Лена кипит. Пыхтит, кусает губы, нанося урон своей "неземной красоте".

— Ах, ты... Я тогда... Я скажу Вове, что ты ко мне приставал!

Литвин не выдерживает и фыркает. Это даже не детский сад. Это ясли!

— Да! И еще я скажу... что ты пытался меня... изнасиловать!!!

Давно его так не веселили. Он смеялся так, что слезы выступили. Лена смотрела на его веселье, кипя от негодования.

— Тебе конец, Артемчик!

— Ох, Лена, Лена, — качает головой. — Неужели ты думаешь, что твой Вова тебе поверит?

— Он меня любит!

— Это, конечно, характеризует его не с самой лучше стороны... — Лена наморщила идеально гладкий лобик, пытаясь понять сказанное. — Я общался с твоим Вовой. Нормальный мужик, голова на плечах есть. Он совершенно точно не поверит, что такую, как ты... — Артем смерил ее красноречивым взглядом, — кто-то будет насиловать. Ты ж сама предлагаешь всем...

Он успел перехватить ее руку с длинными ногтями, летевшую к его щеке. Крепко сжал запястье. Зафиксировал взгляд.

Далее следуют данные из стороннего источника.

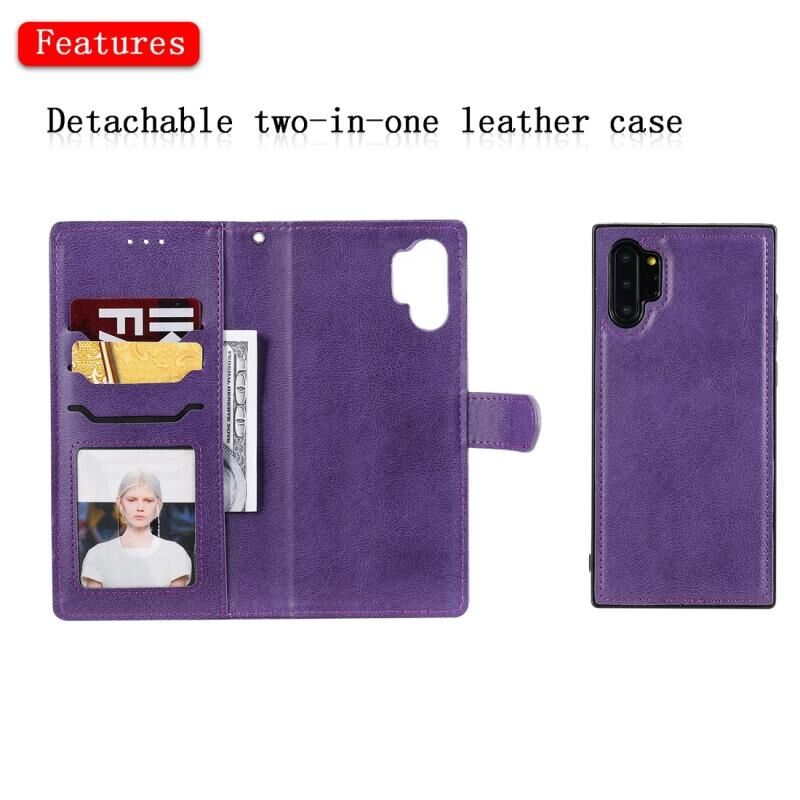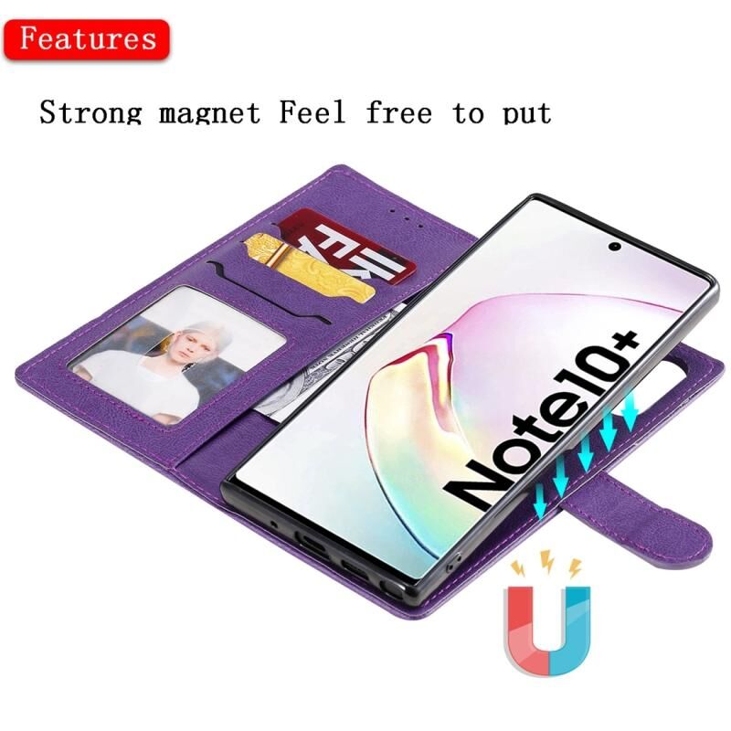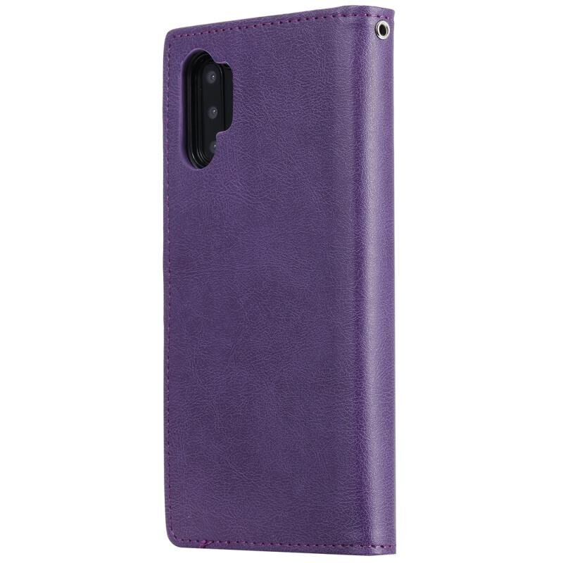 Για Galaxy Note 10+ Αμιγές χρώμα οριζόντια Flip προστατευτική θήκη με θήκη & υποδοχές για κάρτες & πορτοφόλι & πλαίσιο φωτογραφιών & κορδόνι (Μωβ)

— Мой тебе совет, Леночка. Поднимай свою задницу со стула и дуй в гостиницу. И жди там своего... папика. Приедет — порадуй его хороший минетом. И не заикайся Вове про этот бред с приставанием и изнасилованием. Он тебе не поверит. А может и пинка наладить. Ты... держись за своего Вову. А то ведь он и другую себе найдет, — отпустил ее руку, Лена стала тут же судорожно растирать запястье. — Беги, детка. За твой глинтвейн я заплачу.

Оставшись в одиночестве, заказал себе чашку двойного экспрессо. В том, что Лена и не подумает реализовывать свои бредовые фантазии, он бы уверен. Лишь кольнуло сожаление, что он был чрезмерно груб. Напустился на головой убогое чудо, надо ж было понимать, с кем говорит. С другой стороны, пар выпускать надо всем, даже профессиональным психологам. Блин, когда уже Алька приедет?! Задолбался он, то одно, то другое...

_____________

*скипасс — абонемент. Трехдневный скипасс - абонемент, дающий право пользования подъемниками в определенном регионе катания на три дня, без ограничений числа подъемов.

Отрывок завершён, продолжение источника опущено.